Available data >>
################

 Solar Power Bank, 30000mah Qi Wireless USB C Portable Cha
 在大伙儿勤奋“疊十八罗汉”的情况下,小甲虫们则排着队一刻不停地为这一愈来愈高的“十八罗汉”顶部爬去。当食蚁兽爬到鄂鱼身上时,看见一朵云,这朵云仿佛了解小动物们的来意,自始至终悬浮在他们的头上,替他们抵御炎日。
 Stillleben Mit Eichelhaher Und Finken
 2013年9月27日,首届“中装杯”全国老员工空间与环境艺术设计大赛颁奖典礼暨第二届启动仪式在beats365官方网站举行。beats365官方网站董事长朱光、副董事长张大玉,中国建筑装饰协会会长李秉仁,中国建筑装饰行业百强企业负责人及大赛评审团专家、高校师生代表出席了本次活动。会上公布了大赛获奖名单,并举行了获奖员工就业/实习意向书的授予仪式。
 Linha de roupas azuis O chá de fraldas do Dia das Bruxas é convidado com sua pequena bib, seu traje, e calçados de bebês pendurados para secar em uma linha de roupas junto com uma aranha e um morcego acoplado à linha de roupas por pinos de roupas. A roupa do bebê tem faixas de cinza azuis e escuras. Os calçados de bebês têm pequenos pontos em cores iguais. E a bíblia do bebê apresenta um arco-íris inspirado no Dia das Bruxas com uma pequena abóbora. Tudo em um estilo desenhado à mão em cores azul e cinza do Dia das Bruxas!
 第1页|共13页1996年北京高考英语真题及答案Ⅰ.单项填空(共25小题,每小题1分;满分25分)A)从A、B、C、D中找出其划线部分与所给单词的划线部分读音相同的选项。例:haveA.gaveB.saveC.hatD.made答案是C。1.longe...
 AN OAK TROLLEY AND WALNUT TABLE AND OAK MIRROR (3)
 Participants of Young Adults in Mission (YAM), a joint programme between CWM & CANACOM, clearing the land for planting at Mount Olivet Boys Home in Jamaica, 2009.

################

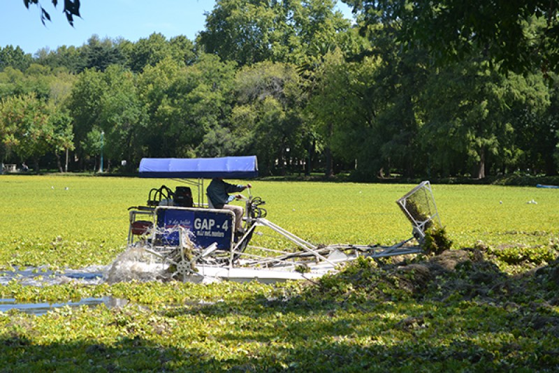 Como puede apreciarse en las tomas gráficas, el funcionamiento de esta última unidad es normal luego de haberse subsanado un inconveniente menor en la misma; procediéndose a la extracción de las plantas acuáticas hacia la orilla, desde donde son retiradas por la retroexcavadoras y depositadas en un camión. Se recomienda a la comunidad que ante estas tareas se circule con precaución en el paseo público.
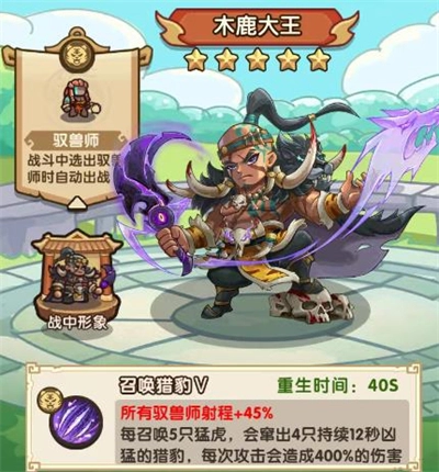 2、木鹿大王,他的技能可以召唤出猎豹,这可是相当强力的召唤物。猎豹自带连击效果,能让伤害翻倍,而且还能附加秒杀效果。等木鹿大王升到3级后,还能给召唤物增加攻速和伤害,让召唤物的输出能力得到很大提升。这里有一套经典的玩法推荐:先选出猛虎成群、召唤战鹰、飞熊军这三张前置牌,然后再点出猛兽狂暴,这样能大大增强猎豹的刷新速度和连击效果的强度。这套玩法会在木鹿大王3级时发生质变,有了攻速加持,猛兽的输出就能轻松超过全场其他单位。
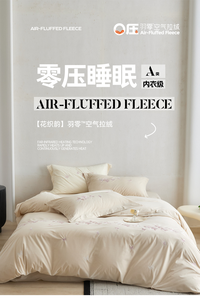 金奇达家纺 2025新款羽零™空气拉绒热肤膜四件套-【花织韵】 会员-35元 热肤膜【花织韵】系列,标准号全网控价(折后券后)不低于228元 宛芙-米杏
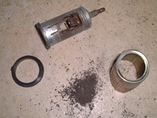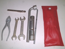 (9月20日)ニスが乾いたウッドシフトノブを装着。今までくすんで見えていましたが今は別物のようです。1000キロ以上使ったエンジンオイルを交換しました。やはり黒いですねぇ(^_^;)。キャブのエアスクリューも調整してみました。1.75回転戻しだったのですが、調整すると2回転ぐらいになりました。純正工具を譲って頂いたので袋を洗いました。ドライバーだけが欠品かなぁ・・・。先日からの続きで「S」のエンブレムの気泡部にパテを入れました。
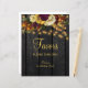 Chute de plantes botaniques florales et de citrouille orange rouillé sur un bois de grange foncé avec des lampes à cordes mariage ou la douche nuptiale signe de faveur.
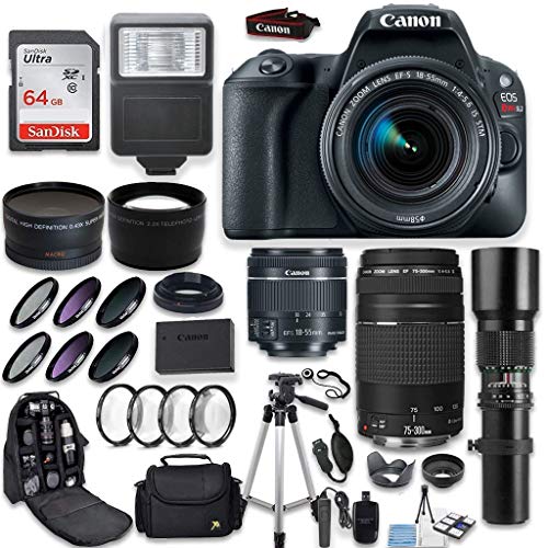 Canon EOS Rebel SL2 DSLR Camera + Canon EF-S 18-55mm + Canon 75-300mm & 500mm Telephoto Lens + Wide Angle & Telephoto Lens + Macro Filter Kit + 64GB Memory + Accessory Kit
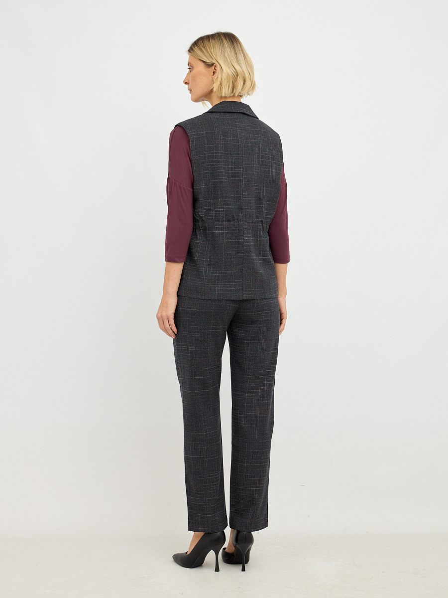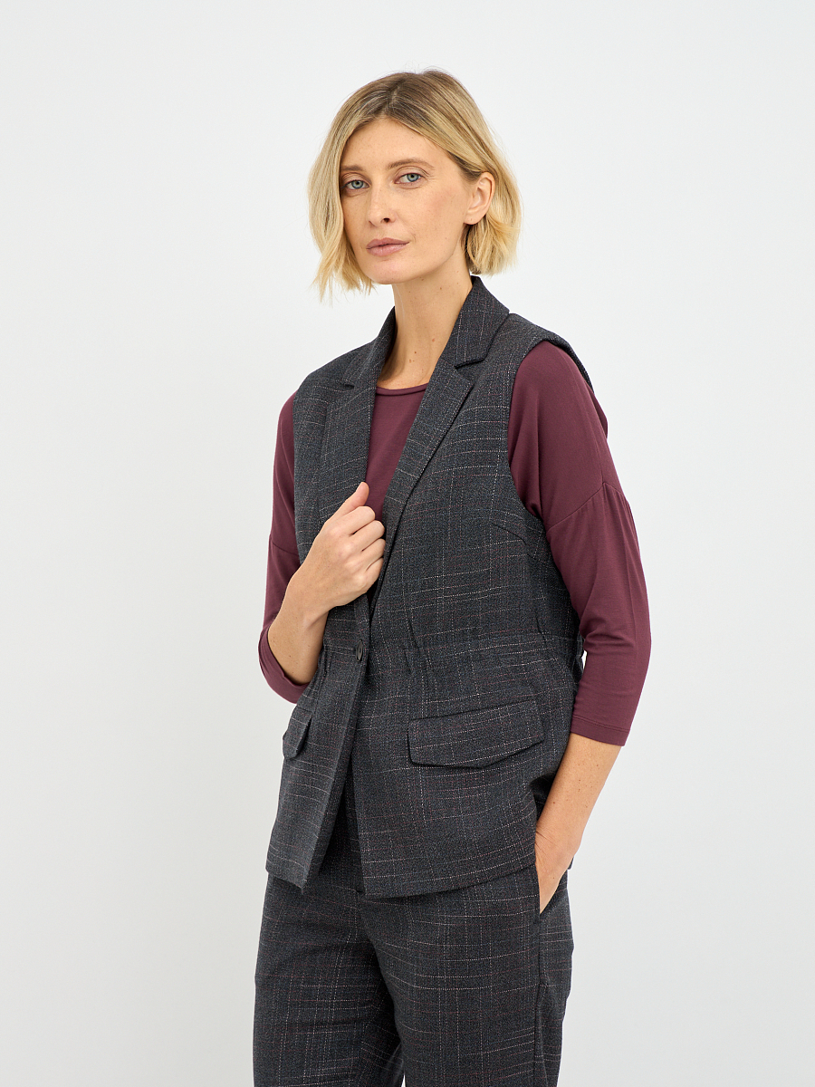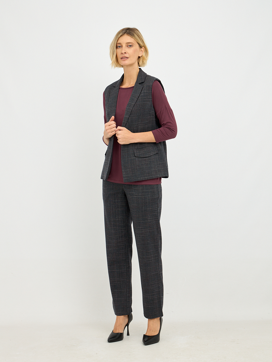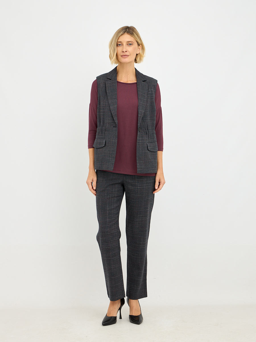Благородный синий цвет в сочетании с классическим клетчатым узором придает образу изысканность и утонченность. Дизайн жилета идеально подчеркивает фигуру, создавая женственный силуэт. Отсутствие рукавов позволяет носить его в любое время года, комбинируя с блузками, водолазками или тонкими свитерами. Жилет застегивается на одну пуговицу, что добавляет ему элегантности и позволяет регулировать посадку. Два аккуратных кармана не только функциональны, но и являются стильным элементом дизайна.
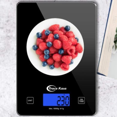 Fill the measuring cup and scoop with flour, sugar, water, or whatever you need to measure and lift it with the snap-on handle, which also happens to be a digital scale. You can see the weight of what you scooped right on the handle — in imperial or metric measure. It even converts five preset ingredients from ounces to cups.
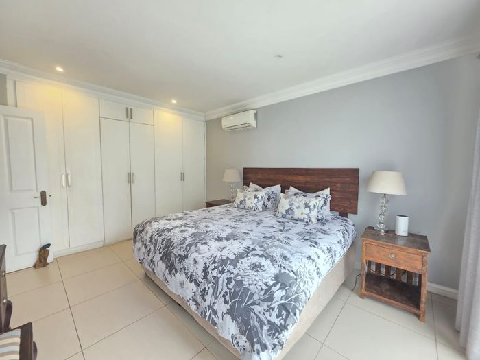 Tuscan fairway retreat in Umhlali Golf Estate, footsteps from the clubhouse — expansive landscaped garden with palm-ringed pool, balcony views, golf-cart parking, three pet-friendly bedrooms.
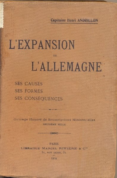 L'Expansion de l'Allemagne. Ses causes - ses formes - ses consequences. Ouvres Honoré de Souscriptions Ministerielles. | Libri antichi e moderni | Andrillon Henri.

################

In the listing above, find the line with "Linha de roupas azuis" and the line with "Participants of Young", then print exactly those lines and every line between them.

Answer below >>
 Linha de roupas azuis O chá de fraldas do Dia das Bruxas é convidado com sua pequena bib, seu traje, e calçados de bebês pendurados para secar em uma linha de roupas junto com uma aranha e um morcego acoplado à linha de roupas por pinos de roupas. A roupa do bebê tem faixas de cinza azuis e escuras. Os calçados de bebês têm pequenos pontos em cores iguais. E a bíblia do bebê apresenta um arco-íris inspirado no Dia das Bruxas com uma pequena abóbora. Tudo em um estilo desenhado à mão em cores azul e cinza do Dia das Bruxas!
 第1页|共13页1996年北京高考英语真题及答案Ⅰ.单项填空(共25小题,每小题1分;满分25分)A)从A、B、C、D中找出其划线部分与所给单词的划线部分读音相同的选项。例:haveA.gaveB.saveC.hatD.made答案是C。1.longe...
 AN OAK TROLLEY AND WALNUT TABLE AND OAK MIRROR (3)
 Participants of Young Adults in Mission (YAM), a joint programme between CWM & CANACOM, clearing the land for planting at Mount Olivet Boys Home in Jamaica, 2009.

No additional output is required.